所以,京城的形勢越複雜,大宋的江山越不穩定,她的壓力就越大。
到最後,她看到了金翠蓮,這個靠自己的智慧能賺取金錢的女子的幸福之處在於,她有一個男人,不管在什麼情況下。
再說,風月場上,見慣了那麼多的酸腐才子,她也累了。
很多女子奢望的繁華富貴,她也早見識過了,早體驗過了,沒有什麼遺憾的了,現在最缺乏的,反而是最真實的生活。
經過生活的洗禮之後,你才知道,自己最需要的是什麼。
李師師猛然一把抱住了陸平,眼淚留在陸平的肩膀山。
金翠蓮轉過身去。
「姓陸的,老娘這輩子,便宜了你。」李師師輕輕的在陸平的耳邊道。
陸平嘿嘿的笑,沒有說話。
「想不到穿越到這個古代,也不是那麼好混的。
「知足吧,皇帝都被你吊著胃口,那些才子也為你痴狂,現在艷名冠蓋京城,甚至冠蓋天下,以後你就是歷史人物了,你還不知足嗎?做女人,要知足。」
李師師嘿嘿的笑著:「老實跟你說吧,姓陸的,老娘這輩子,最開心的事情就是,能釣你上鉤。
陸平狂暈,到底是誰泡誰呀?
「不過,老娘長的這麼漂亮,老實說,你是不是早就對老娘動心了?」
「這個嘛,」陸平猶豫之間,被李師師推開了。

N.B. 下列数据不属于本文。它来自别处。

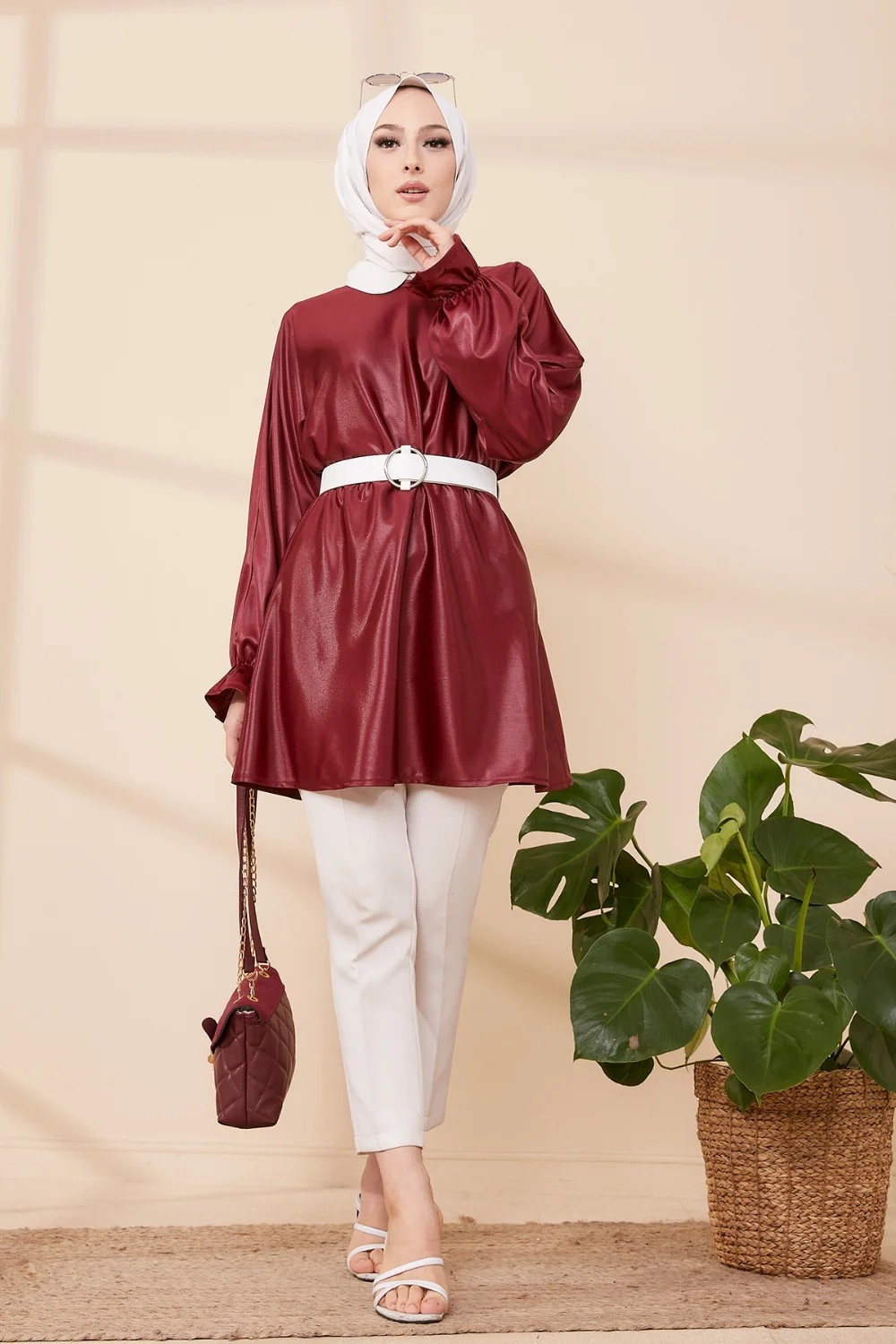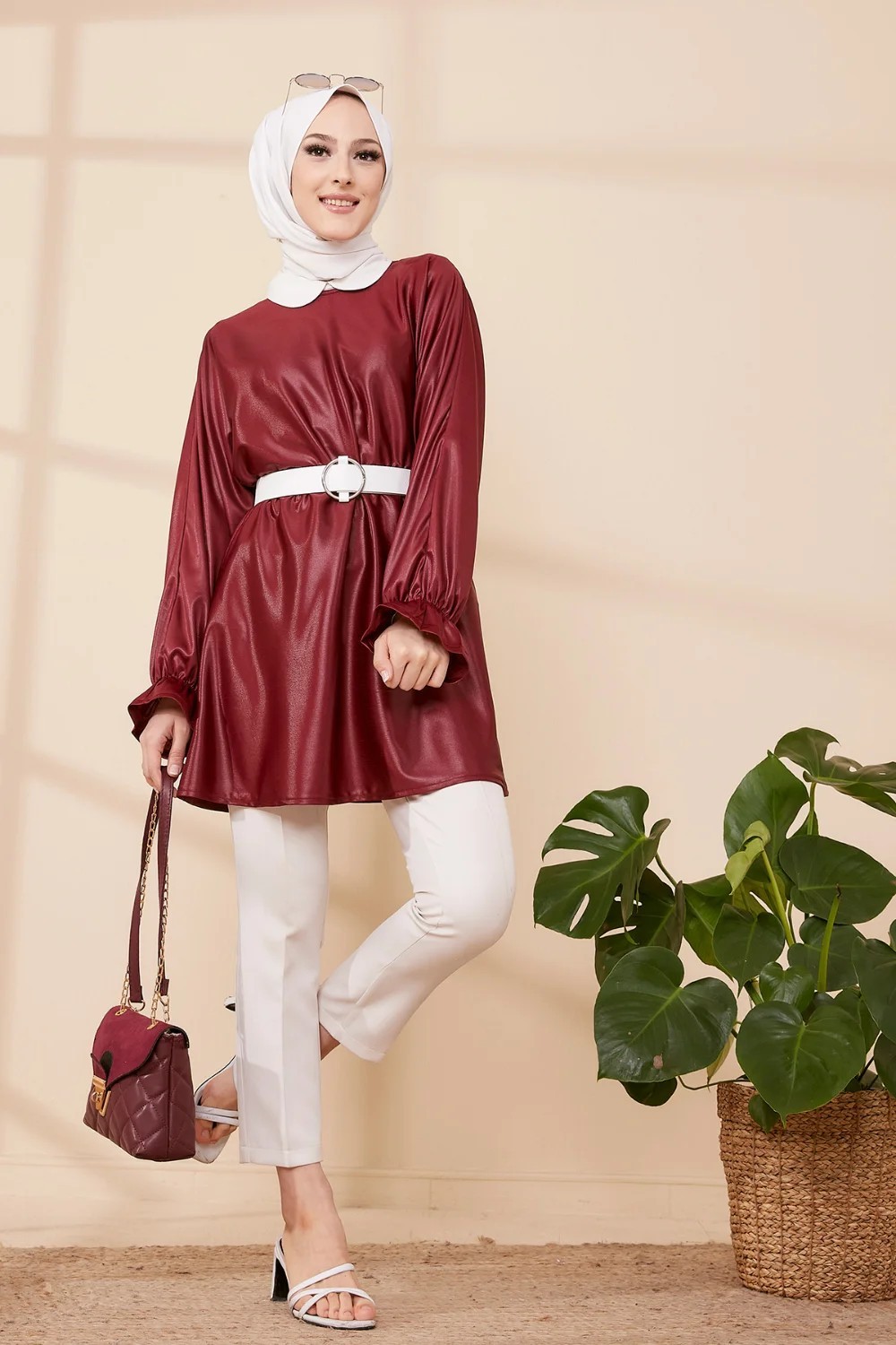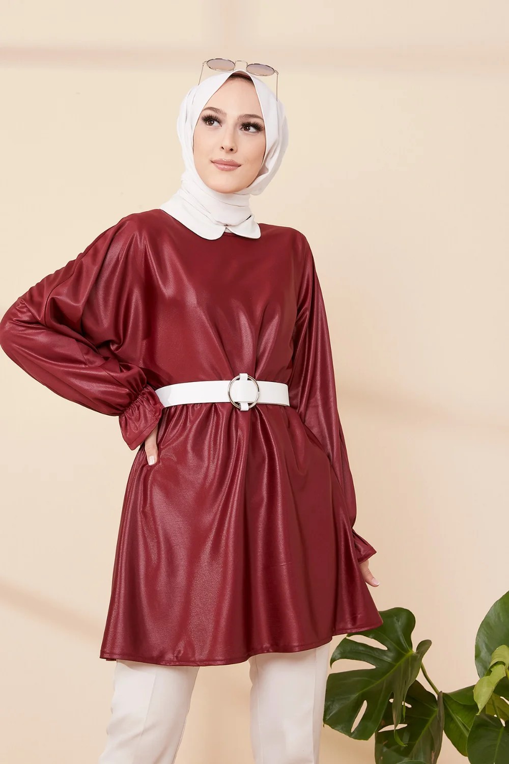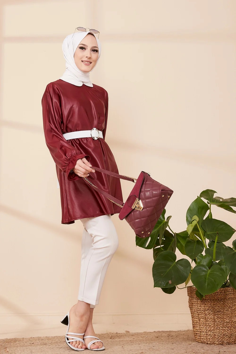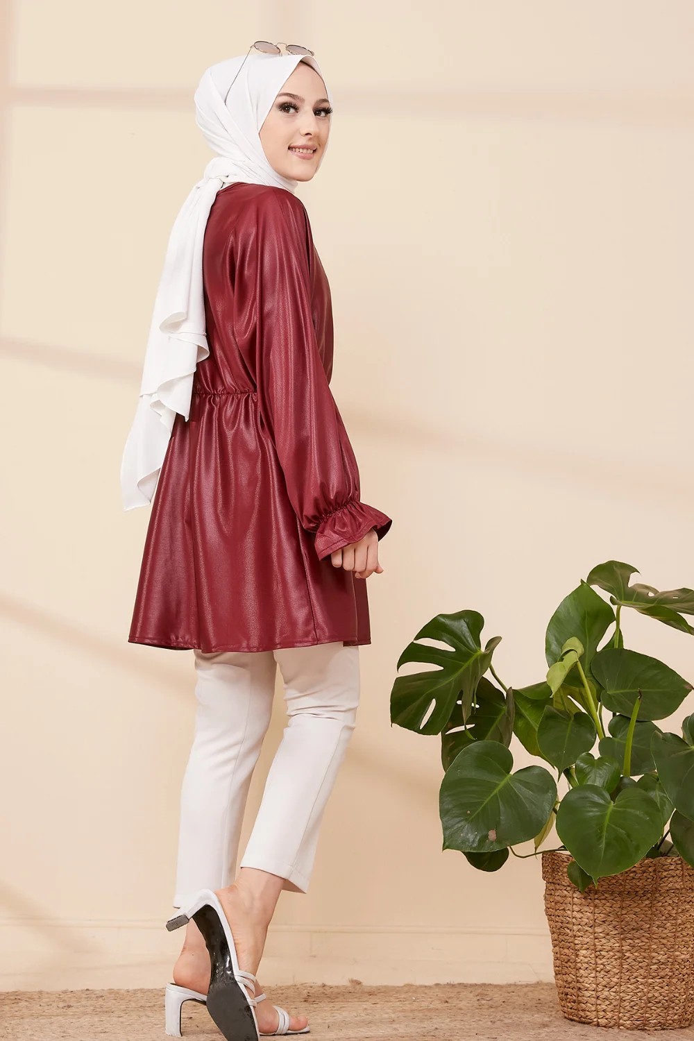 Tunique en skaï (simili cuir) pour femme (Vêtement chic et moderne pour hijab) - Couleur Bordeaux Vetement & Accessoire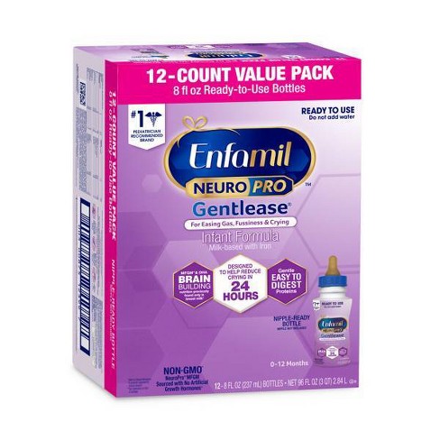 Enfamil gentlease is a 20 cal fl oz milk based infant formula designed to reduce fussiness gas and crying.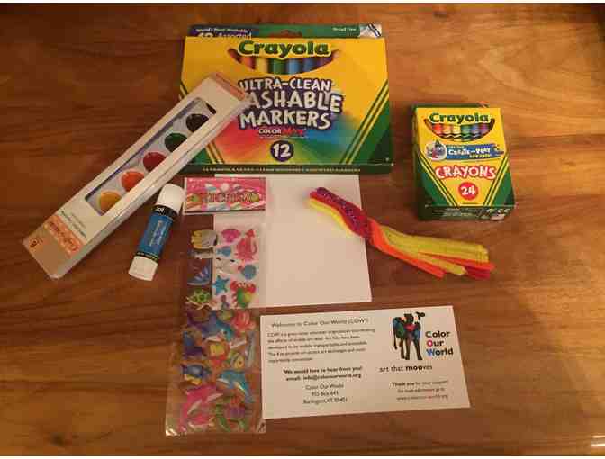 Supplies for color and craft activities. Donated by "Color Our World" (COW). COW is a grassroots volunteer organization coordinating the efforts of mobile art relief. Art Kits have been developed to be mobile, transportable and accessible. The kits provide art access, art exchanges and most importantly, connection.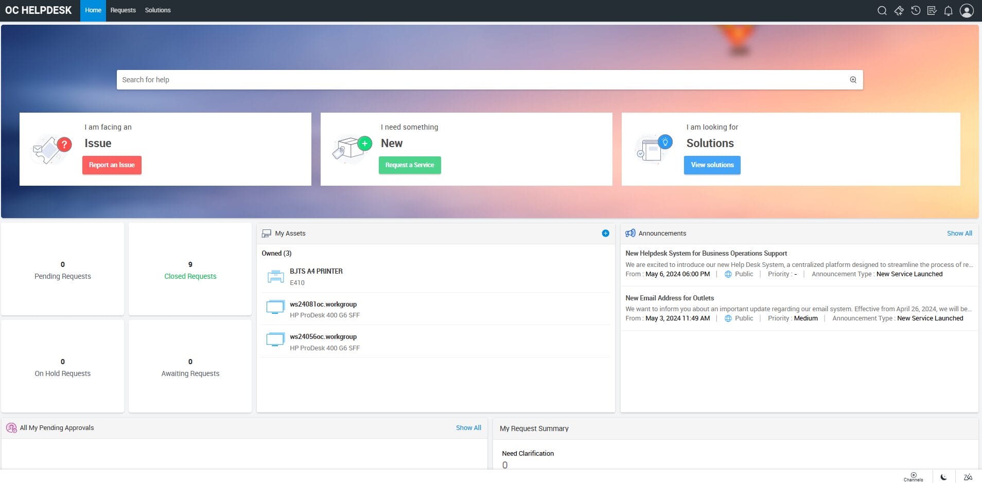 The OC Helpdesk system is the official platform for all staff to submit service requests, report issues, and communicate with the support team. Please ensure you: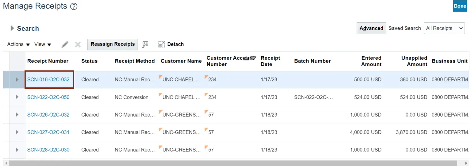 In this example, we choose Receipt Number as SCN. Click the Search button.

只聽見李師師哈哈大笑:「你臉紅了,你臉紅了。」
金翠蓮轉過身來,果然見到自己的相公霞飛雙頰,心裡湧上一種奇怪的滋味。
說到底,自己的相公是個性情中人,也許早就喜歡上了師師姐吧,像師師姐著的女子,男人不喜歡才怪吧。
這樣的話,相公也應該早就喜歡自己吧。
金翠蓮想到這裡,感到一陣幸福。
說到底,相公就算喜歡師師姐,還是表達不出來的,算是在自己的撮合之下才成功的,而當時相公是主動向自己表白的。
看來相公跟自己的距離,還是要近一些的。
放開陸平之後,李師師坐了回去,對陸平道:「你剛才強抱了我,以後要對我負責,知道不?」
陸平又感覺到一陣狂暈。
金翠蓮看李師師說的奇怪,吃吃的笑起來。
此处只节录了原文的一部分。